▸ Assignment:
Extract the text of every entry below exactly; leave images out.

▸ Stored items from a collection:
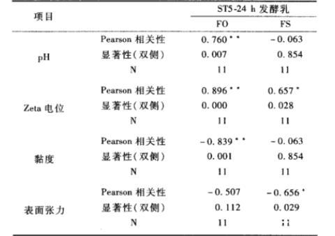 表1 pH值、Zeta電位、黏度、表面張力與蛋液起泡性質之間的相關性分析
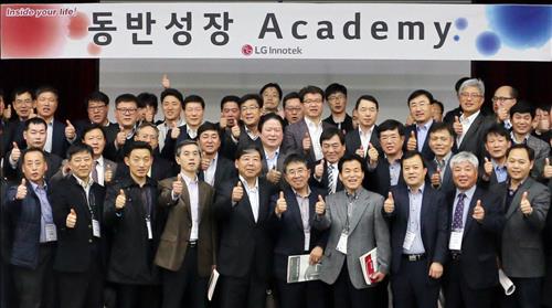 | △ LG이노텍이 19일 경기도 안산시 R&D캠퍼스에서 협력사 임직원 100여명을 초청해 R&D, 경영, 혁신, 환경안전 등 분야별 최신 동향과 대응 노하우를 공유하는 ‘동반성장 아카데미’를 개최했다. |
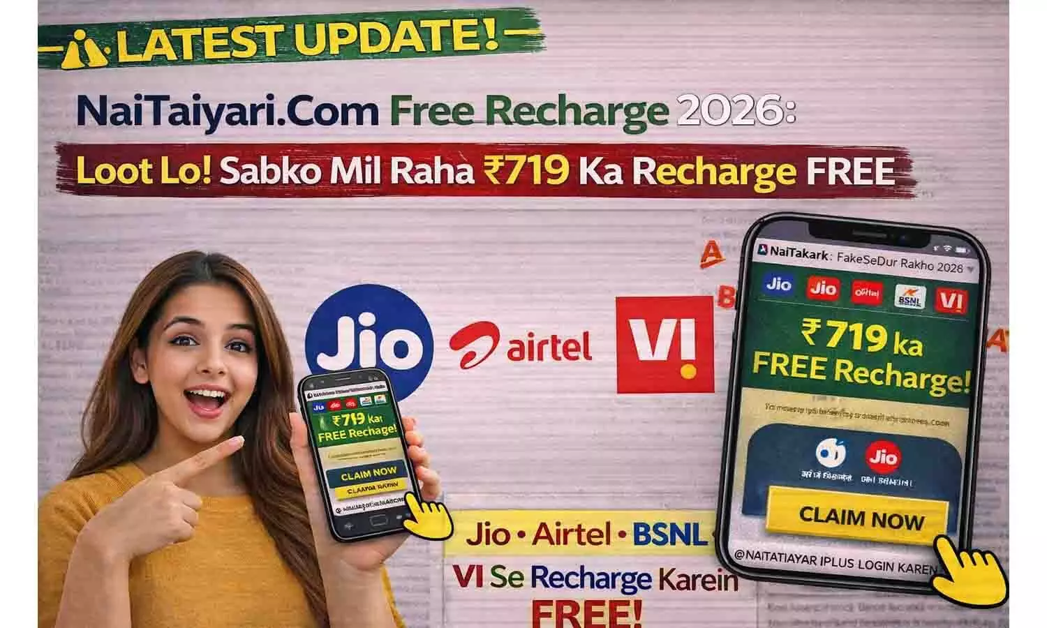 Nai Taiyari.com Free Recharge 2026 की असली सच्चाई क्या है? क्या सच में Jio, Airtel और Vi का रिचार्ज फ्री मिल रहा है? पूरी जानकारी और Direct Link के लिए अभी पढ़ें।
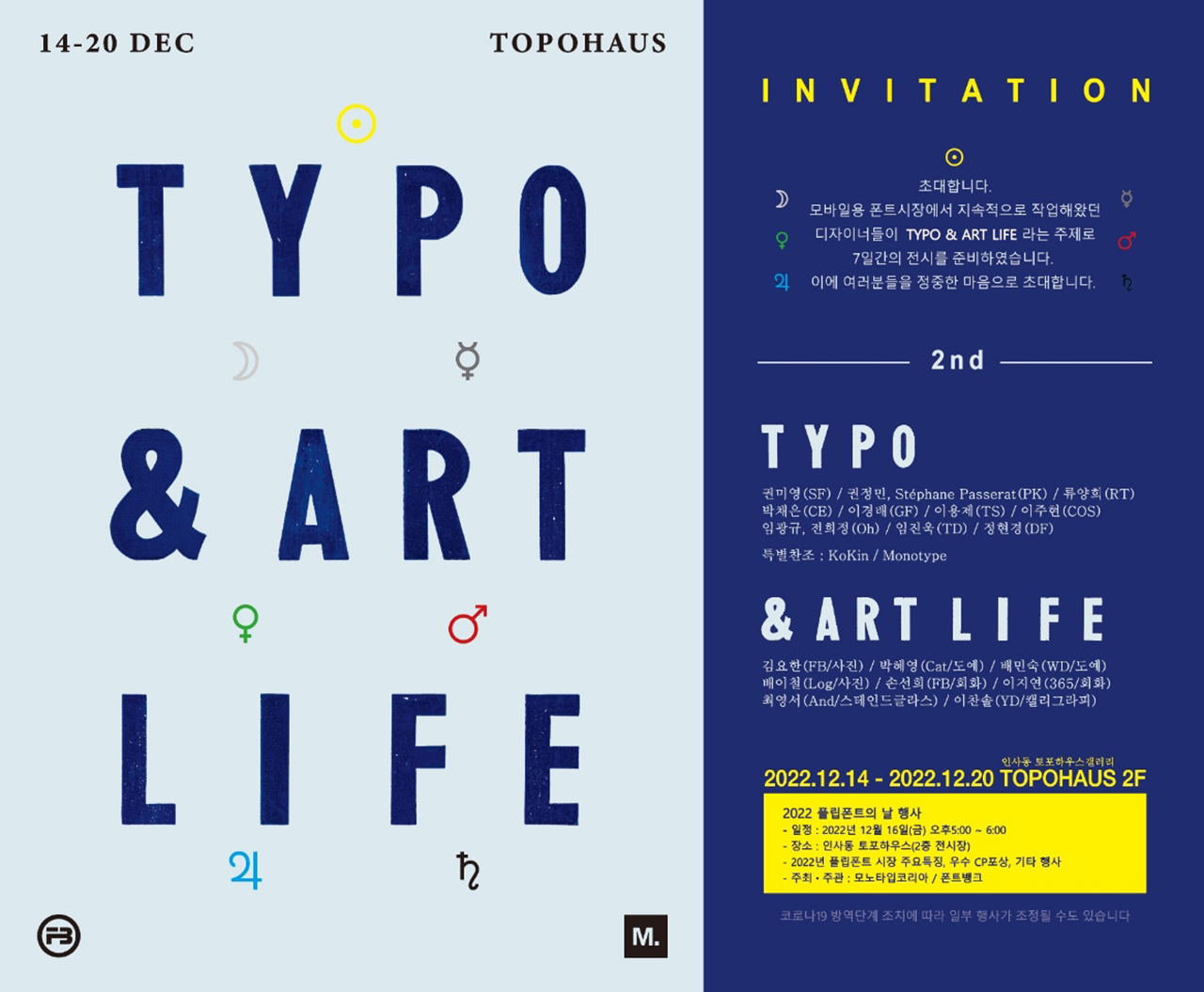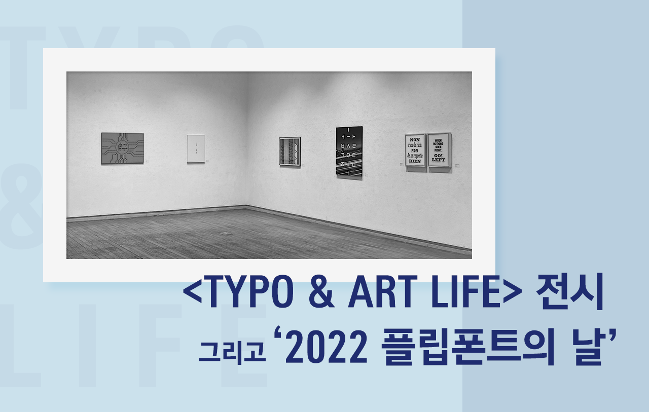이렇듯 모바일용 폰트, 플립폰트를 만들며 보낸 2022년을 정리하고 기념하는 자리가 지난 12월에 서울 종로구 인사동 ‘토포하우스 갤러리’에서 열렸습니다. 플립폰트를 작업해왔던 디자이너들이 참여한 <TYPO & ART LIFE> 전시와 ‘2022 플립폰트의 날’ 행사입니다. 플립폰트 서비스를 제공하는 모노타입코리아와 폰트뱅크가 주최하고 주관했으며, 윤디자인그룹의 YD플립폰트도 이번 행사와 전시에 참여했습니다.
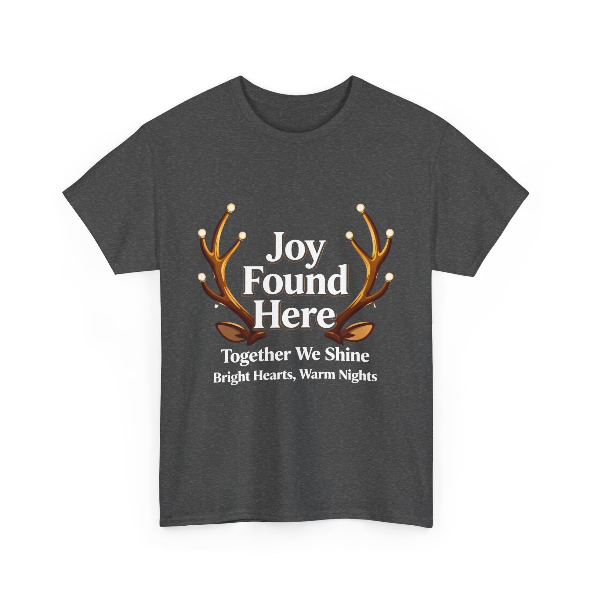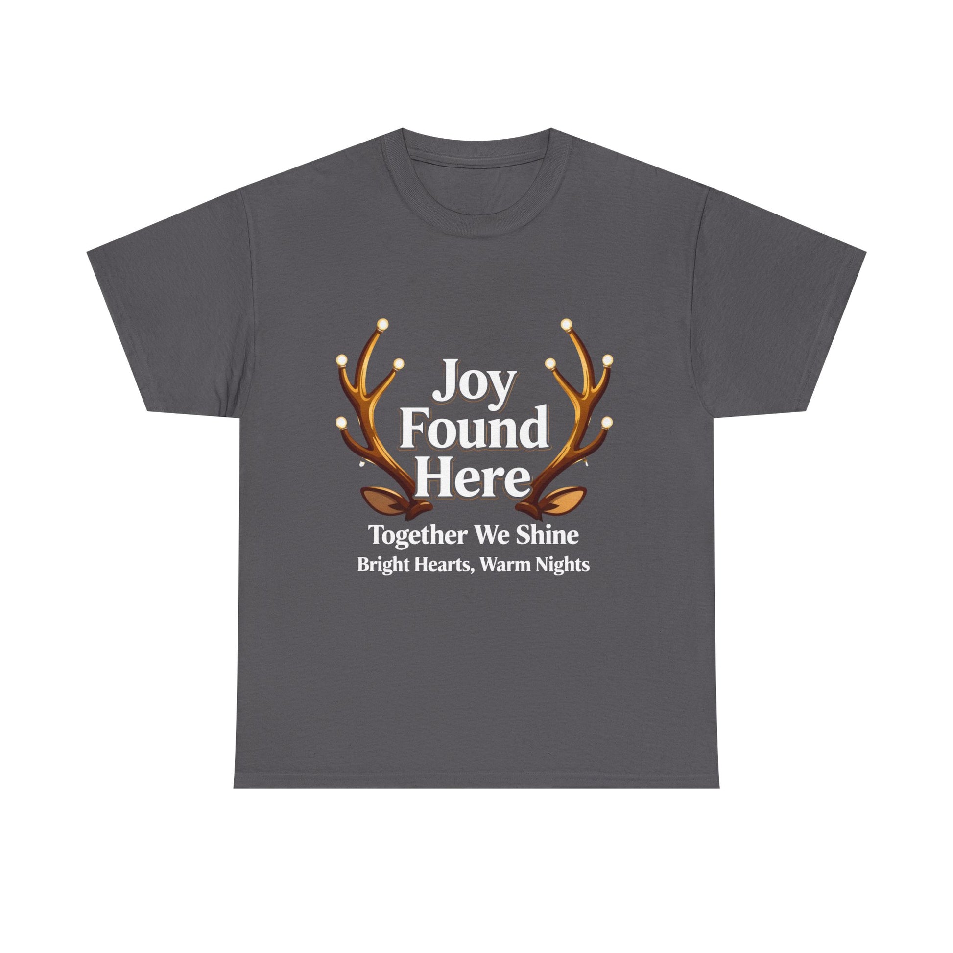 Crafted from medium-weight 100% cotton, it feels like a gentle hug - breathable, sturdy, and perfectly cozy for all your festive moments. The glowing antler artwork surrounds the words “Joy Found Here” in a design that feels both playful and meaningful, while “Together We Shine - Bright Hearts, Warm Nights” whispers like a shared secret between friends.
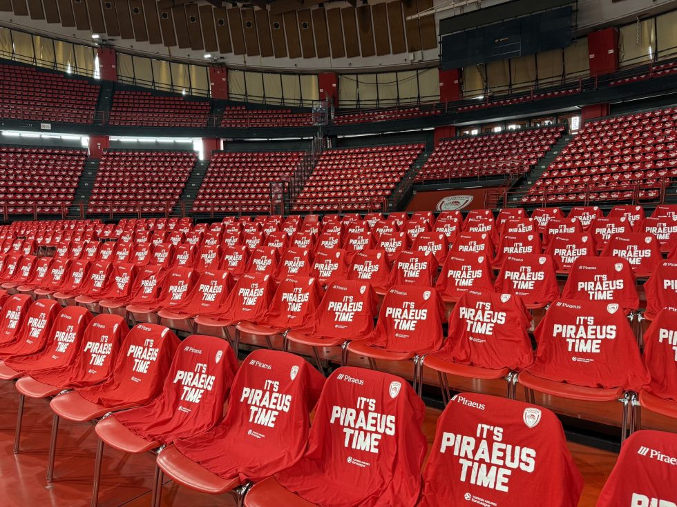 Συγκεκριμένα, θα υπάρχει ένα κόκκινο μπλουζάκι με το σύνθημα «IT’S PIRAEUS TIME», σε κάθε κάθισμα του γηπέδου, με στόχο να μπορούν όλοι να έχουν ένα χρώμα για να στηρίξουν την ομάδα τους.
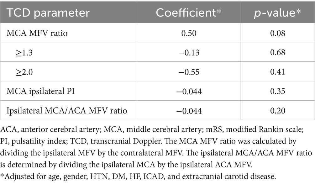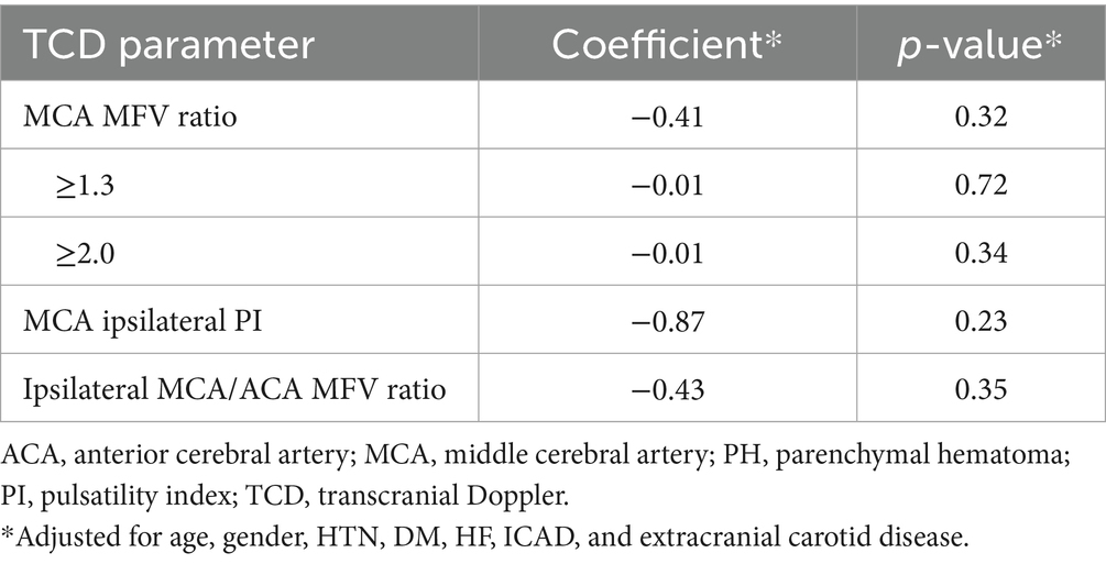There was no significant correlation between ipsilateral MCA PI, MCA MFV ratio, or MCA/ACA MFV ratio with functional outcome at 90 days (Table 3). In the linear logistic regression model, there was no significant correlation found between TCD metrics and the occurrence of PH (Table 4).
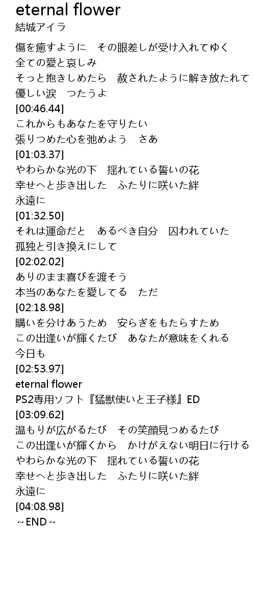 | [02:58.64] | PS2専用ソフト『猛獣使いと王子様』ED |

▸ Completed exercise:
 表1 pH值、Zeta電位、黏度、表面張力與蛋液起泡性質之間的相關性分析
 | △ LG이노텍이 19일 경기도 안산시 R&D캠퍼스에서 협력사 임직원 100여명을 초청해 R&D, 경영, 혁신, 환경안전 등 분야별 최신 동향과 대응 노하우를 공유하는 ‘동반성장 아카데미’를 개최했다. |
 Nai Taiyari.com Free Recharge 2026 की असली सच्चाई क्या है? क्या सच में Jio, Airtel और Vi का रिचार्ज फ्री मिल रहा है? पूरी जानकारी और Direct Link के लिए अभी पढ़ें।
이렇듯 모바일용 폰트, 플립폰트를 만들며 보낸 2022년을 정리하고 기념하는 자리가 지난 12월에 서울 종로구 인사동 ‘토포하우스 갤러리’에서 열렸습니다. 플립폰트를 작업해왔던 디자이너들이 참여한 <TYPO & ART LIFE> 전시와 ‘2022 플립폰트의 날’ 행사입니다. 플립폰트 서비스를 제공하는 모노타입코리아와 폰트뱅크가 주최하고 주관했으며, 윤디자인그룹의 YD플립폰트도 이번 행사와 전시에 참여했습니다.
 Crafted from medium-weight 100% cotton, it feels like a gentle hug - breathable, sturdy, and perfectly cozy for all your festive moments. The glowing antler artwork surrounds the words “Joy Found Here” in a design that feels both playful and meaningful, while “Together We Shine - Bright Hearts, Warm Nights” whispers like a shared secret between friends.
 Συγκεκριμένα, θα υπάρχει ένα κόκκινο μπλουζάκι με το σύνθημα «IT’S PIRAEUS TIME», σε κάθε κάθισμα του γηπέδου, με στόχο να μπορούν όλοι να έχουν ένα χρώμα για να στηρίξουν την ομάδα τους.
There was no significant correlation between ipsilateral MCA PI, MCA MFV ratio, or MCA/ACA MFV ratio with functional outcome at 90 days (Table 3). In the linear logistic regression model, there was no significant correlation found between TCD metrics and the occurrence of PH (Table 4).
 | [02:58.64] | PS2専用ソフト『猛獣使いと王子様』ED |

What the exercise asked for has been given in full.